Rail freight transport performance in Hungary fell by 11% in 2025, measured in freight tonne-kilometres, according to HUNGRAIL's latest Rail Freight Cost Index.
HUNGRAIL reported that specific rail freight transport costs increased by 11.8% year-on-year in 2025 despite cost-cutting measures, organisational restructuring and workforce reductions across the sector. In the fourth quarter alone, costs per gross tonne-kilometre were 5% higher than a year earlier.
The association attributed the increase primarily to higher energy prices, rising track access charges, increased operating and shunting costs, and growing labour expenses. According to HUNGRAIL, reductions in corporate overheads were insufficient to offset these cost increases.
Demand conditions also weakened during the year. Hungary's foreign trade volumes declined, while transport-intensive sectors including construction and heavy industry recorded lower output, reducing demand for freight transport services.

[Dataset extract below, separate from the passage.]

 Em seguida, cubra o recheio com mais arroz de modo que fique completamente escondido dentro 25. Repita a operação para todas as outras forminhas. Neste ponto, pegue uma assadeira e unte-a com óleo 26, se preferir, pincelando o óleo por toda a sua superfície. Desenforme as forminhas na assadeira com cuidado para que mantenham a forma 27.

While costs increased sharply, rail freight rates rose by an average of only 2% in 2025 compared with 2024. HUNGRAIL noted that, against average service-sector inflation of 6.7%, this represented a real-term decline of 4.7%. During the fourth quarter, freight rates decreased by 1.4% in nominal terms.
According to the index, rail freight operators would have required a further 9.8% increase in rates during 2025 to fully compensate for rising costs. HUNGRAIL said competition from road transport and weaker demand limited operators' ability to pass higher costs on to customers.

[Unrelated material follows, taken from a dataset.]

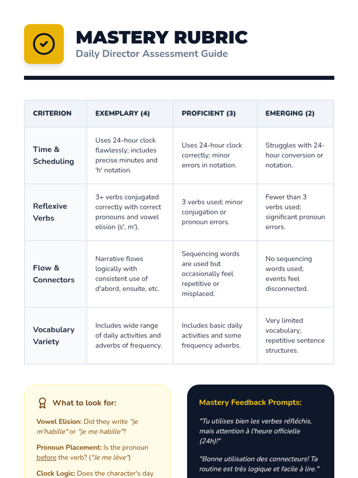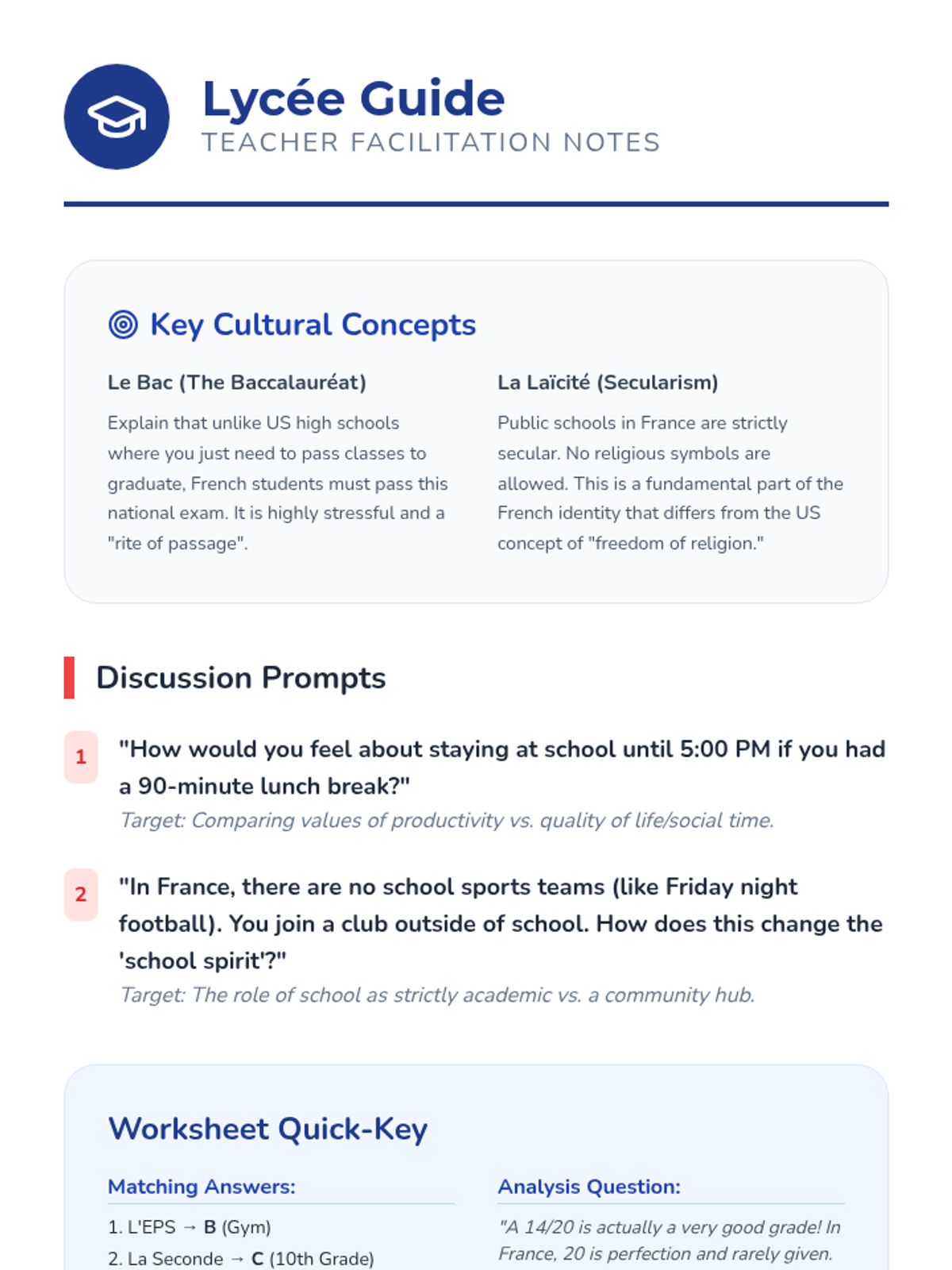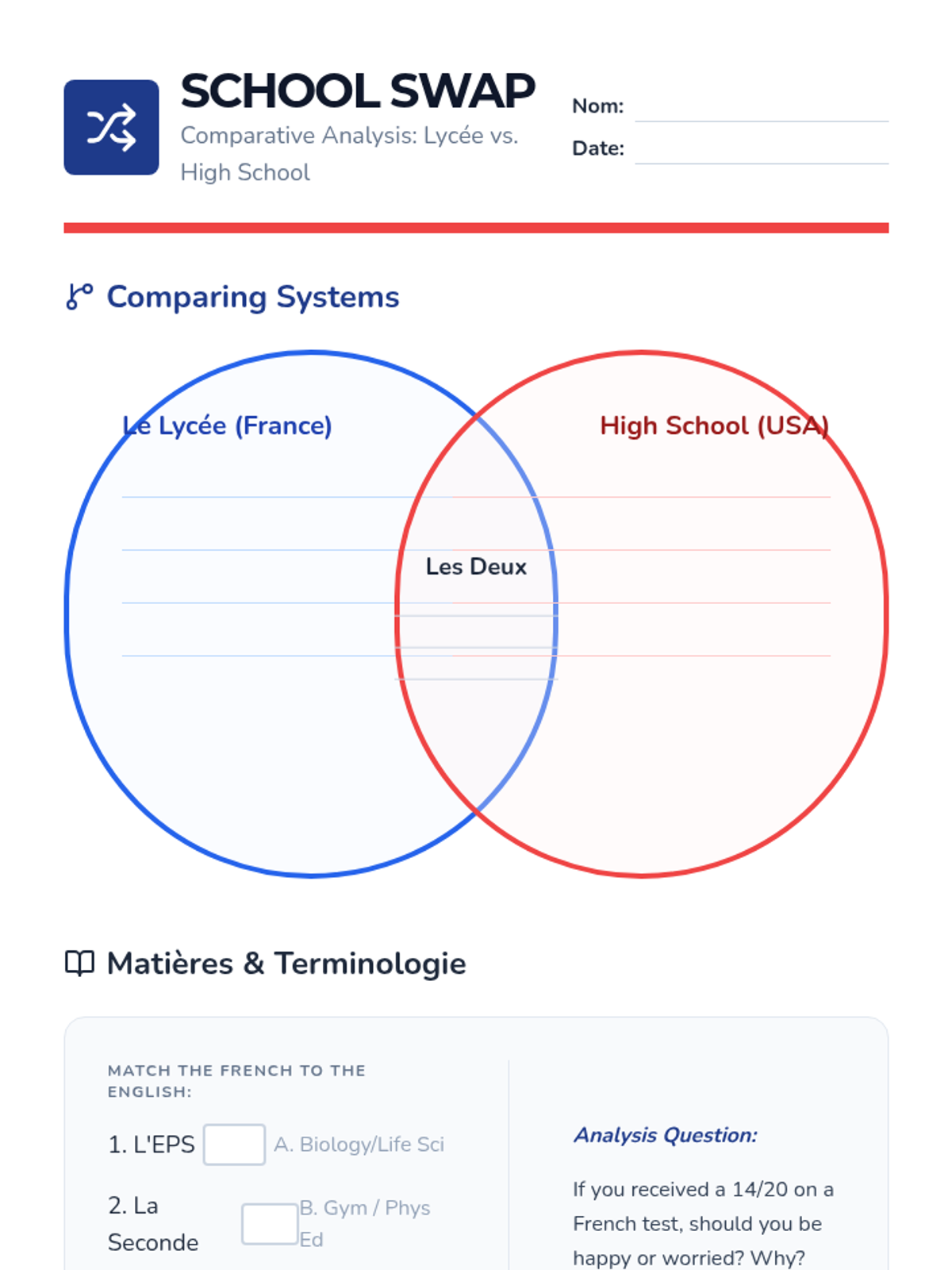 This sequence immerses 10th-grade French students in the daily rhythm of Francophone life, covering time-telling, school systems, and daily routines. Students compare French and American lifestyles while mastering the 24-hour clock and reflexive verbs.

The association warned that declining order volumes and deteriorating profitability are creating challenges for rail freight operators and the wider logistics sector. It called for government measures to improve the economic sustainability of rail freight transport.
HUNGRAIL identified several policy measures included in its VÁGTA programme, including the reintroduction of support for single-wagonload traffic, a review of track access charges, the introduction of combined transport subsidies and incentives to reactivate industrial sidings and last-mile rail connections. According to the association, fewer than half of Hungary's 944 sidings are currently active in rail logistics.
The organisation also called for the extension of regulated fuel pricing mechanisms to rail operators, reductions in system usage fees and changes to the recovery of costs associated with Hungary's mandatory renewable energy support scheme. HUNGRAIL estimates that these charges add HUF 3-5bn (EUR 7.5-12.5m) annually to freight operators' costs.
Looking ahead, HUNGRAIL said rising energy prices and global logistics uncertainty could place additional pressure on the sector during 2026, further affecting demand and profitability.